- _Data segment_
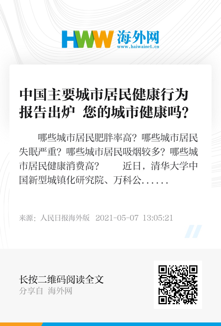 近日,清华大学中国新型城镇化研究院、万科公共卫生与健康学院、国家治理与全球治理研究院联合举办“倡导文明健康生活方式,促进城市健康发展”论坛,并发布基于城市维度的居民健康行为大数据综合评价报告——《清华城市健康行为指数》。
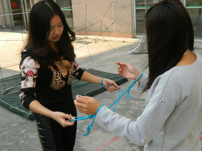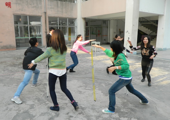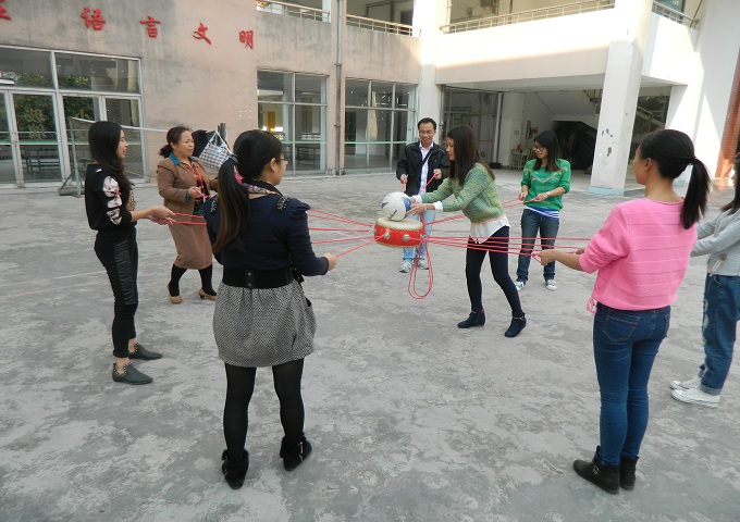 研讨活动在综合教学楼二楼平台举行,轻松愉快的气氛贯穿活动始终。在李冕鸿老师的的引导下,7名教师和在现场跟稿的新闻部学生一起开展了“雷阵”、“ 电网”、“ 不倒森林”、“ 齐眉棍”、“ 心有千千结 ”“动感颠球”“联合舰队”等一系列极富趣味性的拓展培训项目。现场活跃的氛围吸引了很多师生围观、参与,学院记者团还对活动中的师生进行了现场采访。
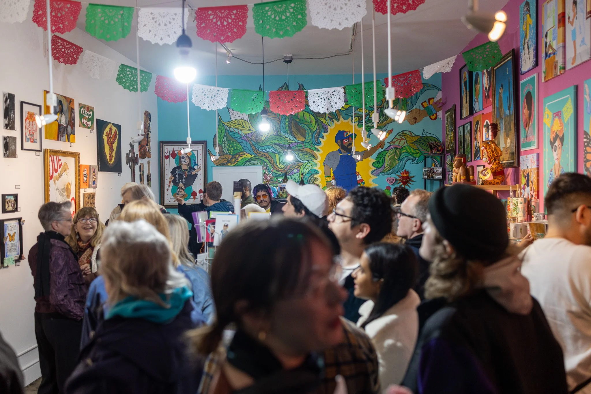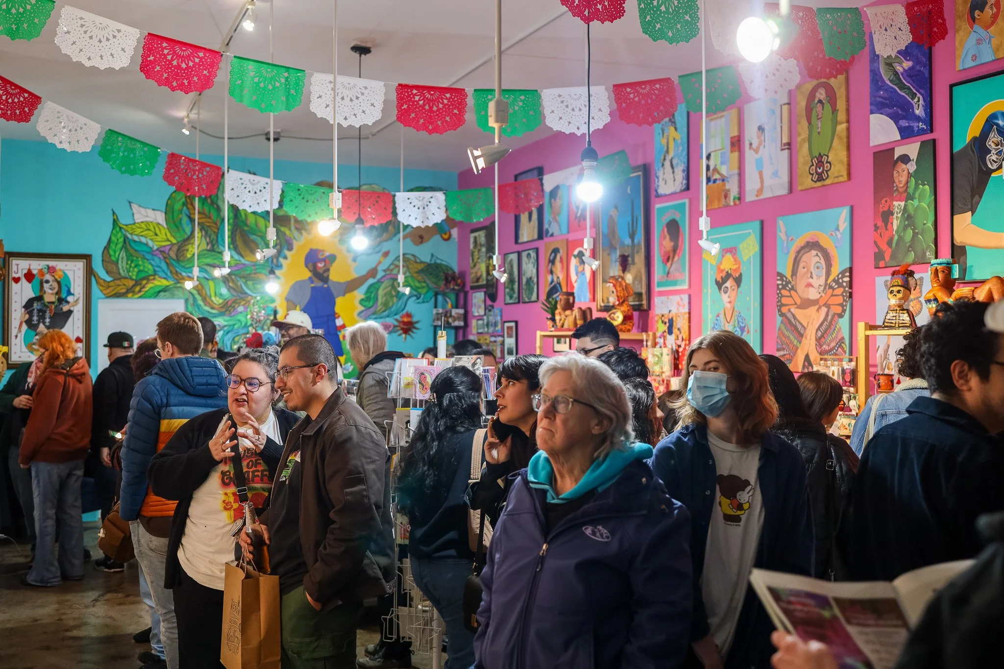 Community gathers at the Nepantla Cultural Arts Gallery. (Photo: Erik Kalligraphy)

- _The task_
Give back the full listing exactly, with pictures dropped.

- _Your solution_
 近日,清华大学中国新型城镇化研究院、万科公共卫生与健康学院、国家治理与全球治理研究院联合举办“倡导文明健康生活方式,促进城市健康发展”论坛,并发布基于城市维度的居民健康行为大数据综合评价报告——《清华城市健康行为指数》。
 研讨活动在综合教学楼二楼平台举行,轻松愉快的气氛贯穿活动始终。在李冕鸿老师的的引导下,7名教师和在现场跟稿的新闻部学生一起开展了“雷阵”、“ 电网”、“ 不倒森林”、“ 齐眉棍”、“ 心有千千结 ”“动感颠球”“联合舰队”等一系列极富趣味性的拓展培训项目。现场活跃的氛围吸引了很多师生围观、参与,学院记者团还对活动中的师生进行了现场采访。
 Community gathers at the Nepantla Cultural Arts Gallery. (Photo: Erik Kalligraphy)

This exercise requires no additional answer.